高级Lua模式匹配

Question

I would like to know if either/both of these two scenarios are possible in Lua:

I have a string that looks like such: some_value=averylongintegervalue

Say I know there are exactly 21 characters after the = sign in the string, is there a short way to replace the string averylongintegervalue with my own? (ie a simpler way than typing out: string.gsub("some_value=averylongintegervalue", "some_value=.....................", "some_value=anewintegervalue")

Say we edit the original string to look like such: some_value=averylongintegervalue&

Assuming we do not know how many characters is after the = sign, is there a way to replace the string in between the some_value= and the & ?

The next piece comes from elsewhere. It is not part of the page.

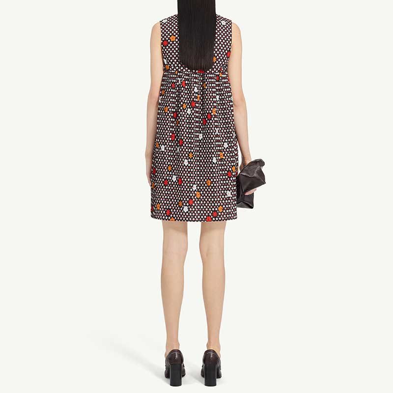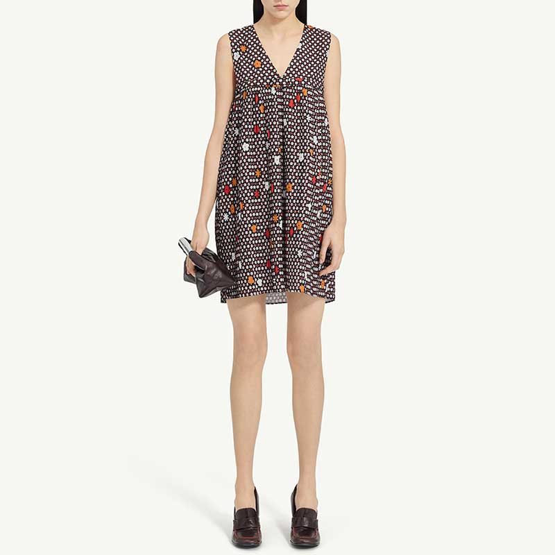 エンパイアシームと流れるようなプリーツ加工により、構造と着心地のバランスを実現しています。シンプルさと自由さが夏の装いを特徴づけた1960年代のホリデースタイルを彷彿とさせるカットです。体から自然に離れるようにデザインされているため、楽に着こなせます。

I know this is an oddly specific question but I often find myself needing to perform similar tasks using regex and would like to know how it would be done in Lua using pattern-matching.

Answer 1

Yes, you can use something like the following ( %1 refers to the first capture in the pattern, which in this case captures some_value= ):

local str = ("some_value=averylongintegervalue"):gsub("(some_value=)[^&]+", "%1replaced")

This should assign some_value=replaced .

Do you know if it is also possible to replace every character between the = and & with a single character repeated (such as a * symbol repeated 21 times instead of a constant string like replaced)?

Yes, but you need to use a function:

local str = ("some_value=averylongintegervalue")
  :gsub("(some_value=)([^&]+)", function(a,b) return a..("#"):rep(#b) end)

This will assign some_value=##################### . If you need to limit this to just one replacement, then add ,1 as the last parameter to gsub (as Wiktor suggested in the comment).